Among the UK banks, HSBC shares fell 4.8% and Barclays dropped 3.8%.


SVB's shares saw their biggest one-day drop on record on Thursday the 9th March, after they plunged by more than 60% and lost another 20% in after-hours trade as investors looked to offload shares in an attempt to avoid further losses.


This slide came a day after the bank announced a $2.25bn (£1.9bn) share sale to boost its finances in the midst of the challenging economic situation.


In the wider market, there were concerns about the value of the bonds held by banks as rising interest rates continue to make these bonds less valuable over time.


Central banks around the world - including the US Federal Reserve and the Bank of England - have sharply increased interest rates as they try to curb inflation in response to the growing economic situation. 


Banks tend to hold large portfolios of bonds and as a result are sitting on significant potential losses.


The continued fall in the value of bonds held by banks is not necessarily a problem unless they are forced to sell them if the current economic situation continues to worsen.

UK economy rebounds by 0.3% ahead of Jeremy Hunt’s Spring Budget announcement


The U.K. economy grew by 0.3% in January, with official figures shown on Friday, exceeding current expectations as it continues to fend off an inevitable recession in Q1 of 2023.

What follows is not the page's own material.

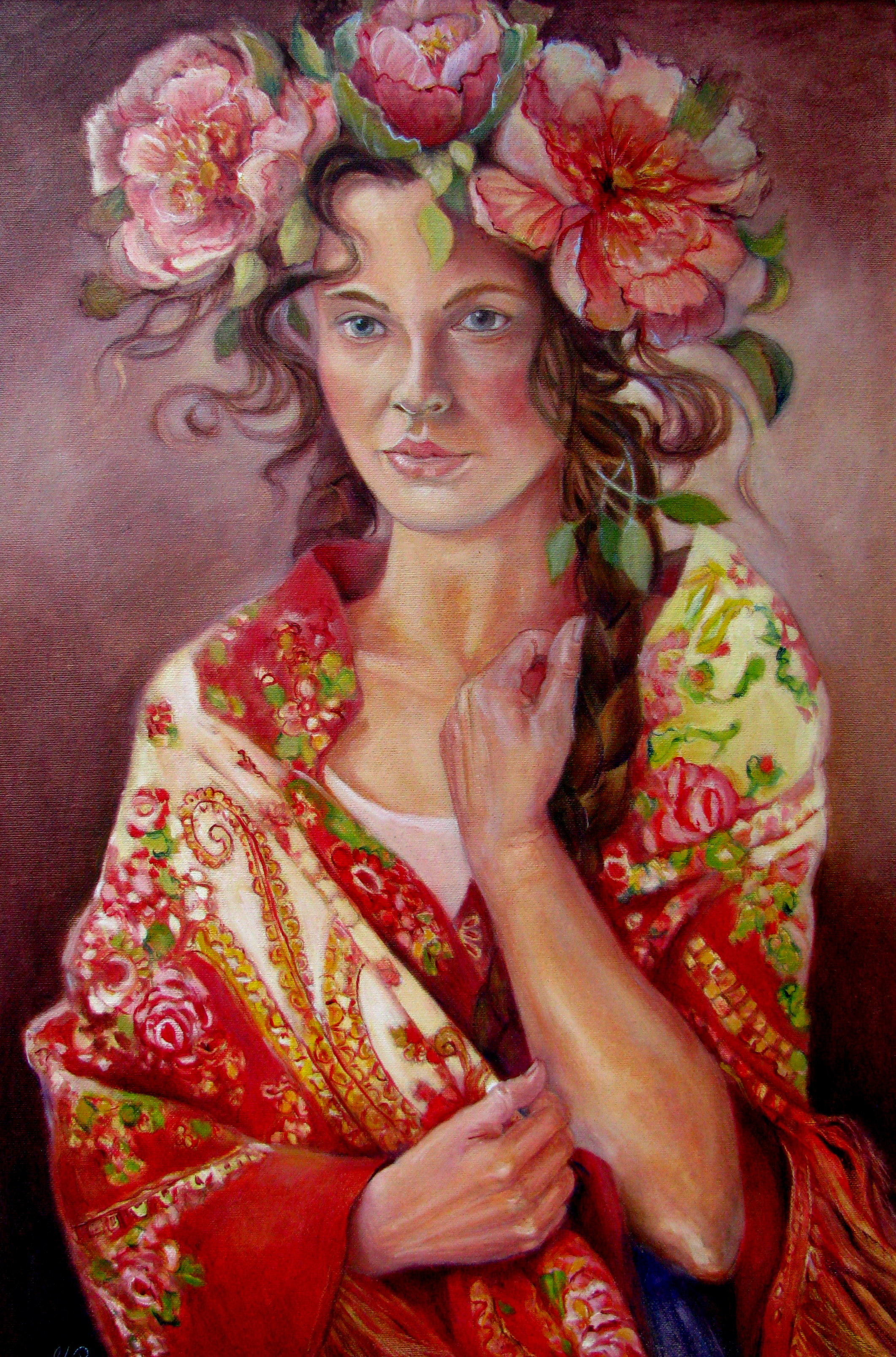 Obraz przedstawia młodą kobietę, otuloną w kolorowy szal. Na jej głowie widnieje wieniec z dużych, różowych kwiatów. Ich delikatne, pastelowe odcienie tworzą harmonijny kontrast z intensywną czerwienią i bogactwem wzorów na szalu. Kompozycja jest wyważona, a kobieta patrzy prosto przed siebie, co dodaje portretowi intymności i skupienia. Artysta używa subtelnych pociągnięć pędzla, co nadaje dziełu miękkości. Styl jest klasyczny, przypominający dawne malarstwo portretowe. Atmosfera obrazu jest spokojna, niemal baśniowa. To jakby zatrzymany moment z innej epoki. Kobieta wydaje się zamyślona, a jej spojrzenie można interpretować na wiele sposobów – może tajemnica, nostalgia? Może coś innego. Motywy kwiatowe przywołują na myśl naturalne piękno i prostotę. Patrząc na obraz, czujemy ciepło i pewną melancholię, jakbyśmy wrócili do dawno zapomnianych wspomnień. Wow, jakie to magiczne! (mówi dziecko). Dzieło może wywoływać różnorodne emocje – od zachwytu nad kunsztem wykonania, po osobiste refleksje na temat ulotności chwili. Jak przykuwa uwagę, prawda? To, co wyróżnia ten obraz, to połączenie tradycji z nowoczesnością – taki artystyczny twist. Wśród codziennego chaosu, to przypomnienie o pięknie i spokoju, które możemy znaleźć w prostych rzeczach. I to jest właśnie magic.

Economists polled by Reuters had projected a 0.1% monthly increase in GDP.

The services sector grew by 0.5% in January 2023, after falling by 0.8% in December 2022, with the largest contributions to economic growth in January 2023 coming from education, transport and storage, human health activities, and arts, entertainment and recreation activities, all of which have rebounded after apparent declines in December 2022.

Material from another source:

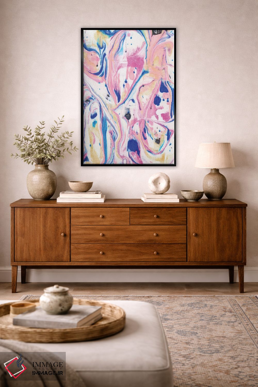 براساس پالت ترکیبی اثر، قاب تیک گرم (چوبی) پیشنهاد اول است و مشکی مات (فریم متوسط) مکمل. برای سفارشهای پروژهای با ابعاد و قابهای اختصاصی با ایماژ در تماس باشید.

Production output fell by 0.3% in January after growing 0.3% in December, while the construction sector dropped by 1.7% in January after flatlining the previous month.

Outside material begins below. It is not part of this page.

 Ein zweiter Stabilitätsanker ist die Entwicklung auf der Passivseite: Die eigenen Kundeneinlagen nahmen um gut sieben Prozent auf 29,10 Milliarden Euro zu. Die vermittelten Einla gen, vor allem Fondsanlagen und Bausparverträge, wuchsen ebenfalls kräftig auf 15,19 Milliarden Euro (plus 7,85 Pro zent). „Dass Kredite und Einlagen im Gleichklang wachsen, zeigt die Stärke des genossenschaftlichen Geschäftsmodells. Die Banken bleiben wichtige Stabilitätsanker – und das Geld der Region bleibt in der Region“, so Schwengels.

The U.K. economy showed no growth in the final quarter of 2022 to narrowly avoid a recession, but it was found it shrunk by 0.5% in December.

The U.K. remains the only country in the G-7 major economies that has yet to fully recover its lost output during the Covid-19 pandemic. With the ONS stating on Friday that monthly GDP is now estimated to be 0.2% below its pre-pandemic levels.

Both the Bank of England and the Office for Budget Responsibility have recently forecast a five-quarter recession which kickstarts in the first quarter of 2023, but the data has so far exceeded expectations with positive results on display.

Despite the better-than-expected January print, economists still broadly believe activity is on a downward trajectory, as high inflation continues to eat into household incomes and business activity.

U.K. inflation slowed to an annual 10.1% in January, continuing to shrink after hitting a 41-year high of 11.1% in October but staying well above the Bank of England’s 2% target which is considered sustainable.

US jobs growth remains strong despite continued rate rises

Jobs growth in the US remained strong last month, as the world's largest economy continued to defy expectations of a slowdown as the economic outlook remains bleak.


Employers added 311,000 jobs in February, more than expected, with bars and restaurants driving the gains observed across the nation.


The unemployment rate however, continues to edge higher with an increase in February of 3.6%, marginally increased from 3.4% in January, which had been the lowest rate since 1969.


The US central bank is trying to cool the economy to ease the pressures pushing up prices as the battle to wrestle back economic shortfalls continues.


However, the US employment market has been resilient, even as the federal bank continues to raise interest rates to the highest levels since 2007.


While this rate has fallen since last summer, it remains far higher than the 2% rate that most central banks consider a sustainable level.

February's job gains followed a surge of hiring in January that surprised economists across the country.


The tight labour market has helped to further push up wages, with average hourly pay in February 4.6% higher than a year earlier, according to the latest data report published by the US Labor Department.


Despite this robust labour market, many analysts say there is a high risk that the US economy will slow sharply and tip into a recession if the economic shortfalls continue.